Spain’s Banco de Sabadell and TSB have reached agreement on a £1.7 billion takeover of the British lender, it was announced today.
The deal will see shareholders in the bank receive 340p per share and state-backed Lloyds selling its 50 per cent share.
TSB chief executive Paul Pester will continue in his current role.
The announcement comes a week after plans by Barcelona-based Sabadell were disclosed, causing a surge in the share price.
It means investors who bought the stock at the offer price of 260p when TSB floated nine months ago will receive a 31 per cent premium.
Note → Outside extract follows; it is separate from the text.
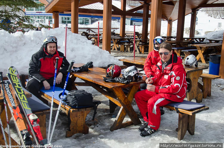 Обычно наш «трудовой день» имел следующий распорядок, с 9.00 до 9.30 у нас был завтрак в замечательном кафе, где кормят ещё за "совковыми" столиками, из "совковой" посуды, да и, честно говоря, по "совковому" сытно, вкусно и от души. А после в 9.30 уже выезд на гору на корпоративном транспорте. И как в СССР питание было четырехразовым: завтрак, обед, полдник и ужин. Я посетил более 90 стран и мне доводилось жить в самых лучших отелях по всему миру, но нигде, кроме как на Родине, не предложат такого великолепного блюда, как кефир. После пятичасового катания на горе обед и потом теоретические занятия.

Sabadell said it was attracted by a UK banking market with “a well-defined and stable regulatory framework, consistent profitability and good future growth prospects”.
It said it was picking up a “straight-forward retail and small business bank” with a 6% share of UK branches, which attracted 8.4 per cent of new and switching personal bank accounts in 2014.
The Spanish bank said that under its ownership, “TSB will be able to further enhance its growth strategy and efficiency, benefiting from Sabadell’s resources, experience in SME lending and experience gained in the Spanish banking market”.
Sabadell said it saw opportunities to continue growth in the current account market, and accelerate growth in lending and expansion in the small business sector.
It said potential savings of £160 million a year could be made through a switch over of IT systems from those currently provided by Lloyds to Sabadell’s own platform. Lloyds will provide £450 million to support the transition.